● ACTIVITY
In the material below, find the line containing "key secondary endpoints" and the line containing "Economize tempo produzindo", then reproduce exactly both of them and every line between, and nothing else.

● INPUT
··········
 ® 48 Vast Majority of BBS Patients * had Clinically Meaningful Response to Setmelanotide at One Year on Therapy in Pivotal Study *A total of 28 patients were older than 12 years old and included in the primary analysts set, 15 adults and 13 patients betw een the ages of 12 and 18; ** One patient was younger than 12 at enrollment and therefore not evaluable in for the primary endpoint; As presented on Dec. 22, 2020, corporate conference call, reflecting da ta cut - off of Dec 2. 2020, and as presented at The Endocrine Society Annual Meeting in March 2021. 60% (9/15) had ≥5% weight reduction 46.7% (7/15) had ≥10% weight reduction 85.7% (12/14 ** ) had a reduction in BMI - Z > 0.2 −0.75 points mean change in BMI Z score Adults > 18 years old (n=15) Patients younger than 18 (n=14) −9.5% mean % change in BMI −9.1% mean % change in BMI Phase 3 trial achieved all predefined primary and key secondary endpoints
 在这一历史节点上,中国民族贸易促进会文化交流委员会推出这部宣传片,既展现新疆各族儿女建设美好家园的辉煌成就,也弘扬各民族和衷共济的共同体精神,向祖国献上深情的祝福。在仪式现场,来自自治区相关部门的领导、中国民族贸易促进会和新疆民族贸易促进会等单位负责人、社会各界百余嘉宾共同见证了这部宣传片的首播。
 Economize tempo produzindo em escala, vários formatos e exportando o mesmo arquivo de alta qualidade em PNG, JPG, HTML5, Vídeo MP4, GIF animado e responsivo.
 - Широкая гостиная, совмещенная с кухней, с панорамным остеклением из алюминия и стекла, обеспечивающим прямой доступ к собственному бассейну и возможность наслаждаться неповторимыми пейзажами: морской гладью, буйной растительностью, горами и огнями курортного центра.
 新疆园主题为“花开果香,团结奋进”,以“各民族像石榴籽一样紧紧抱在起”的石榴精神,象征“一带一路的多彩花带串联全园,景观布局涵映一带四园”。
··········
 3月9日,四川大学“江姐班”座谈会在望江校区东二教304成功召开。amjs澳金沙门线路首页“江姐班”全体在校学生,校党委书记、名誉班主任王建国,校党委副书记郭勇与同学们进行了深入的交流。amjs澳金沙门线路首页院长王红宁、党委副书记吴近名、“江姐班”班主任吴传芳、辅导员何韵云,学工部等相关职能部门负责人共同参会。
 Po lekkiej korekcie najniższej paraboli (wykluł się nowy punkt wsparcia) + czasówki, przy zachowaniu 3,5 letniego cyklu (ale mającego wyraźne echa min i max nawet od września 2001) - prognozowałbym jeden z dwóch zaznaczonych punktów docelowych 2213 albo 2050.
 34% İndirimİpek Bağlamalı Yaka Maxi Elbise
··········
● ANSWER BOX
 ® 48 Vast Majority of BBS Patients * had Clinically Meaningful Response to Setmelanotide at One Year on Therapy in Pivotal Study *A total of 28 patients were older than 12 years old and included in the primary analysts set, 15 adults and 13 patients betw een the ages of 12 and 18; ** One patient was younger than 12 at enrollment and therefore not evaluable in for the primary endpoint; As presented on Dec. 22, 2020, corporate conference call, reflecting da ta cut - off of Dec 2. 2020, and as presented at The Endocrine Society Annual Meeting in March 2021. 60% (9/15) had ≥5% weight reduction 46.7% (7/15) had ≥10% weight reduction 85.7% (12/14 ** ) had a reduction in BMI - Z > 0.2 −0.75 points mean change in BMI Z score Adults > 18 years old (n=15) Patients younger than 18 (n=14) −9.5% mean % change in BMI −9.1% mean % change in BMI Phase 3 trial achieved all predefined primary and key secondary endpoints
 在这一历史节点上,中国民族贸易促进会文化交流委员会推出这部宣传片,既展现新疆各族儿女建设美好家园的辉煌成就,也弘扬各民族和衷共济的共同体精神,向祖国献上深情的祝福。在仪式现场,来自自治区相关部门的领导、中国民族贸易促进会和新疆民族贸易促进会等单位负责人、社会各界百余嘉宾共同见证了这部宣传片的首播。
 Economize tempo produzindo em escala, vários formatos e exportando o mesmo arquivo de alta qualidade em PNG, JPG, HTML5, Vídeo MP4, GIF animado e responsivo.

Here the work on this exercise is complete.